Put an end to Khap panchayats

Put an end to Khap panchayats

The Supreme Court has observed many times in the past that Khaps, which are traditional councils of elders who rule the roost in villages in many states in North India, have no right and power to interfere with the decisions of individuals concerning any aspect of their lives. The court has underlined the specific right of consenting adults to enter into marital relations of their choice and said that in the case of such a marriage, "no khap, individual or society can question them".

 The court made its remarks during the hearings on a petition filed by an NGO which wants Khaps to be reined in. Disposing of the petition, the court has gone beyond strictures and assertions of individuals' rights and called for a suitable legislation to be enacted by Parliament to stop the activities of Khap panchayats "in entirety". The court has also prescribed a number of steps, like the use of Section 144 of the CrPC to prevent the Khaps from assembling, and preventive and remedial measures to protect vulnerable couples and to prevent 'honour killings'.  

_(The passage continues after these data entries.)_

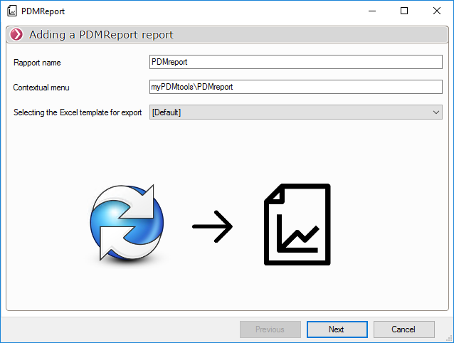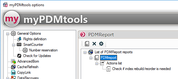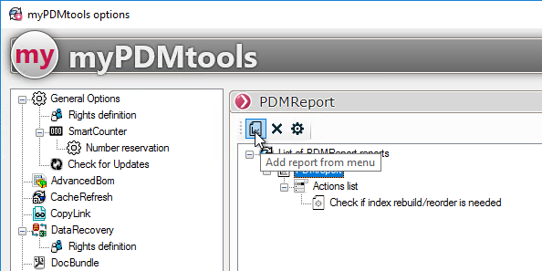 - Der Name des Berichts (Der Name, der in den myPDMtools Optionen erscheint)
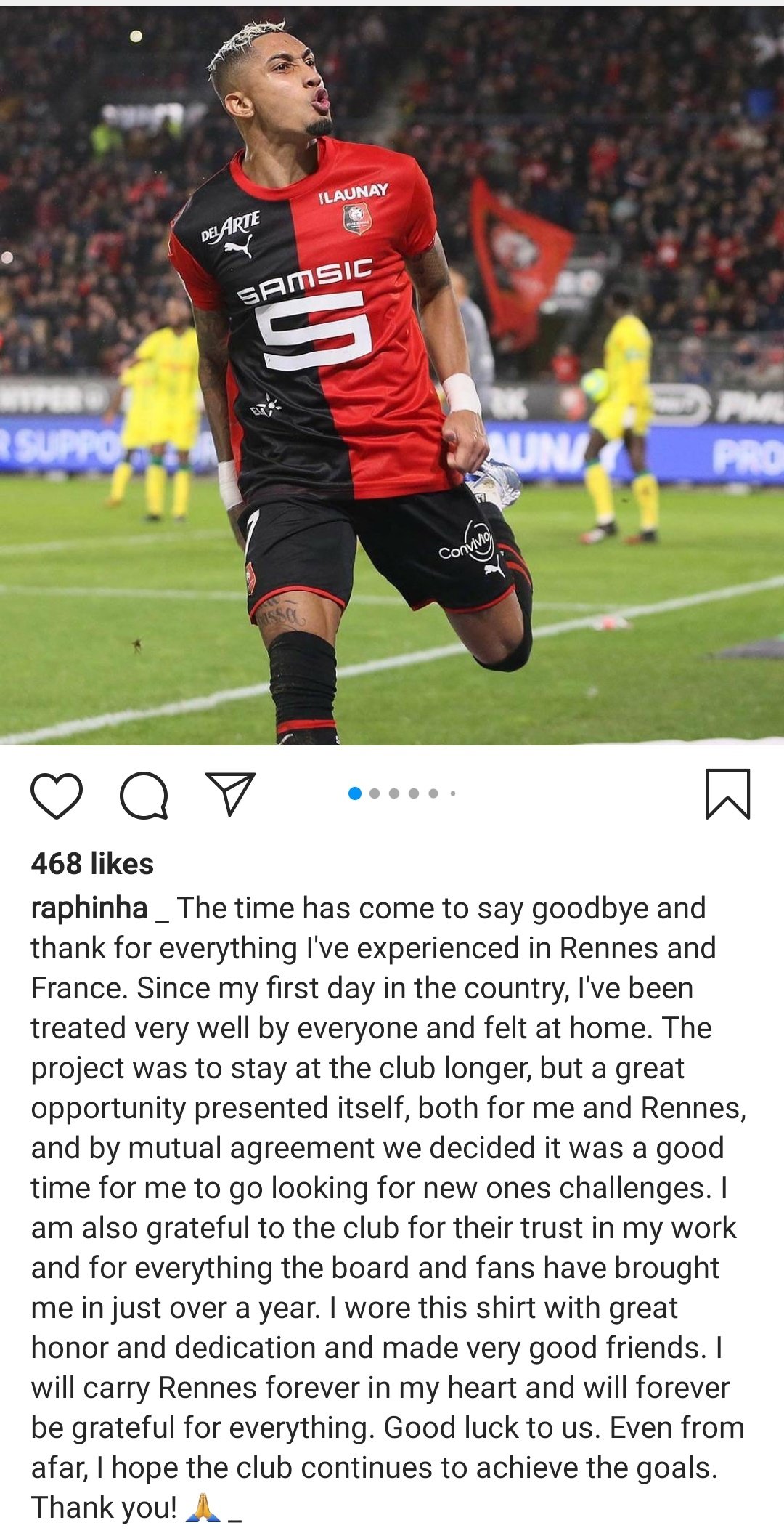 Raphinha's farewell message to Rennes. Should put an end to that 'against his wishes' suggestion that appeared yesterday.
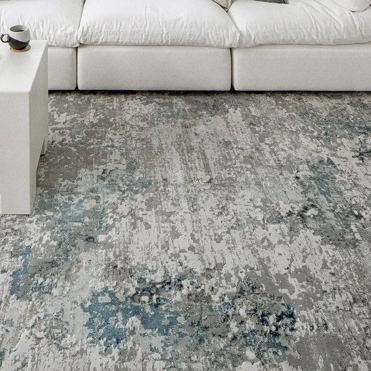 This textured carpet has a distressed abstract pattern to give it a beautiful vintage aesthetic.
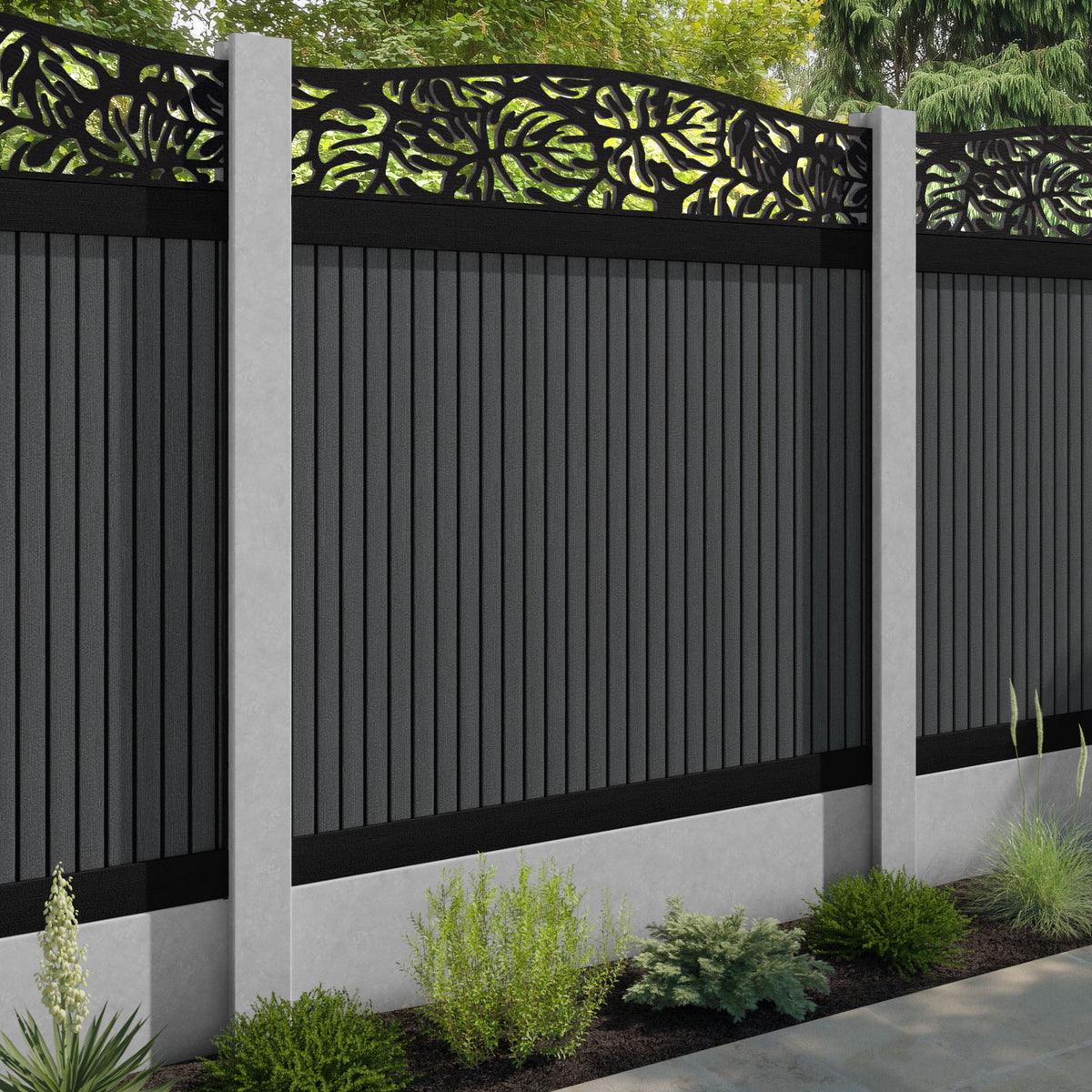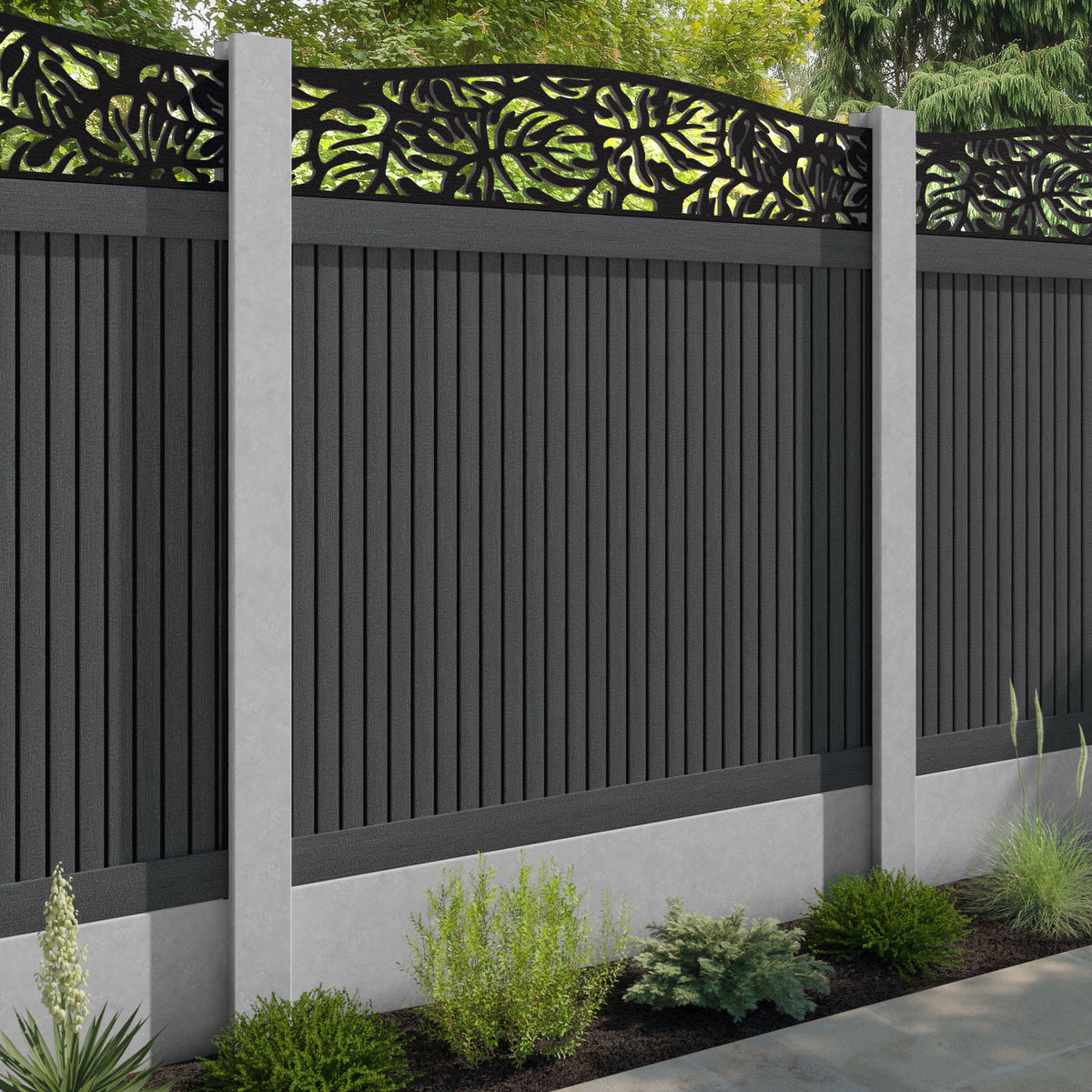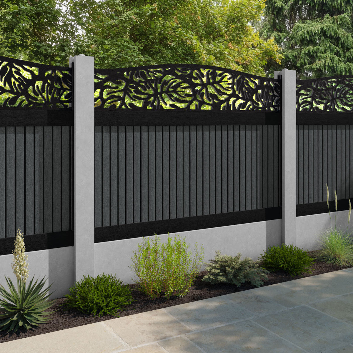 Virtis Botanic Curved Top Fence Panel Dark Grey - for existing concrete posts
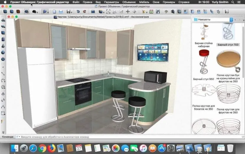 Этот русскоязычный софт позволяет сделать поверхностное проектирование с минимумом настроек и без прорисовки деталей и фактур. Как подобрать барный стол для кухни читайте тут.
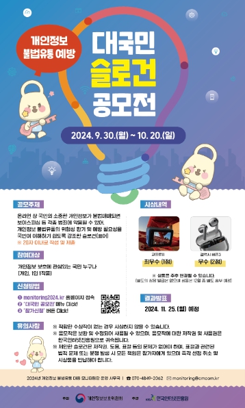 ‘개인정보 불법유통 예방 슬로건 공모전’은 9월 30일부터 10월 20일까지 개인정보 보호에 관심이 있는 국민 누구나 참여할 수 있다. 개인정보 불법유통의 위험성과 예방 필요성에 대해 국민이 이해하기 쉬운 20자 이내의 슬로건을 제출하면, 당선된 작품은 개인정보 불법유통 대응을 위한 홍보에 활용될 예정이다.

The court's continued preoccupation with the threat posed by the Khaps and the detailed enunciation of steps to deal with them show how entrenched they are in the social life of people in these states. The court had actually declared Khap panchayats illegal in 2011, but they have continued to operate with a claim of legitimacy derived from tradition and support from many leaders of society, including politicians and political parties. Politicians defer to Khaps and keep them in good humour because they command large vote banks. This is what emboldened some Khap leaders to tell the Supreme Court "not to interfere in our traditional matters" after the court made some observations in February this year.  

It is for Parliament to frame a legislation specifically aimed at Khap panchayats, as the court has proposed, and for the governments, both at the Centre and in states, to ensure that these retrograde bodies do not function at all.

Unfortunately, there is an environment in the country in which regressive notions are gaining strength and the space for the individual is shrinking. Khap panchayats are institutions of a deeply patriarchal society and flaunt its mindset, steeped in caste prejudices and clan loyalties. Their ideas and practices are completely at odds with the values and ideals of the Constitution. They have always sought to defy the courts and other agencies which tried to control them.

The Supreme Court ruling provides a test for Parliament and the governments, and they must ensure that no individual or family suffers in the future from the illegal actions of these bodies.